Records provided:
▼▼▼

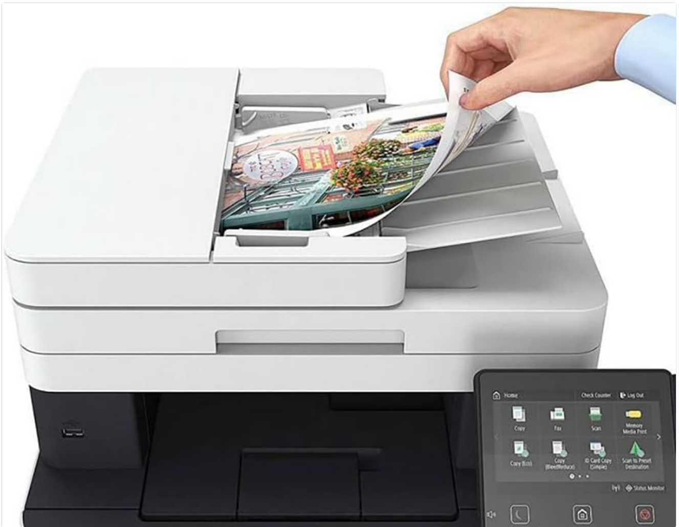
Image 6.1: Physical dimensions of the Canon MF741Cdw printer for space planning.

▲▲▲
▼▼▼

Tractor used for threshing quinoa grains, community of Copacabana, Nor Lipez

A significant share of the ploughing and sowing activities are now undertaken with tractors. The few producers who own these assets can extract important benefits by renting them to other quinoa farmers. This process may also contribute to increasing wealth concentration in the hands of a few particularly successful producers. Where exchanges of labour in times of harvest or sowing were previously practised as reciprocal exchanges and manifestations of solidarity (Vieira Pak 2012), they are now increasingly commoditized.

▲▲▲
▼▼▼

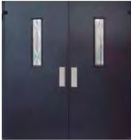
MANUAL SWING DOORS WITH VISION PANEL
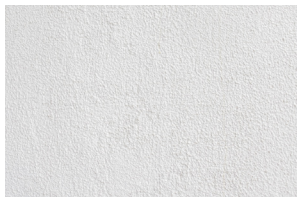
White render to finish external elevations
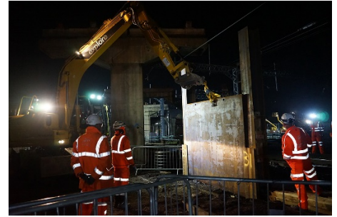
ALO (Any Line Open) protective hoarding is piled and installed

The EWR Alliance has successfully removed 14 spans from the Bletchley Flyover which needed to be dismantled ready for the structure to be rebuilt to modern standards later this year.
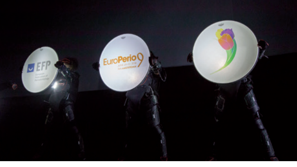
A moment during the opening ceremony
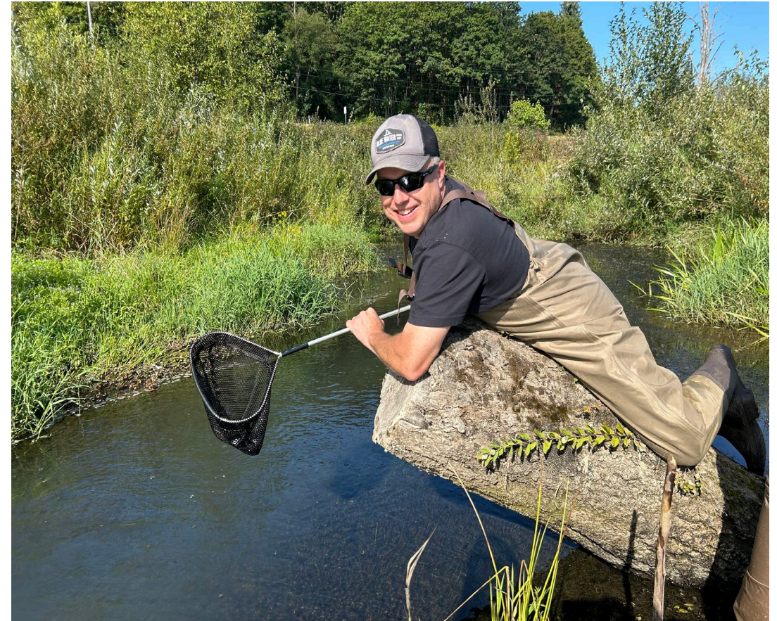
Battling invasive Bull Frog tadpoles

▲▲▲

What the exercise asks: Your answer should be the exact lines above from the one containing "White render to finish external elevations" through the one containing "Battling invasive Bull Frog tadpoles", with both end lines kept and the pictures removed, please.

Exercise response:
White render to finish external elevations
ALO (Any Line Open) protective hoarding is piled and installed

The EWR Alliance has successfully removed 14 spans from the Bletchley Flyover which needed to be dismantled ready for the structure to be rebuilt to modern standards later this year.
A moment during the opening ceremony
Battling invasive Bull Frog tadpoles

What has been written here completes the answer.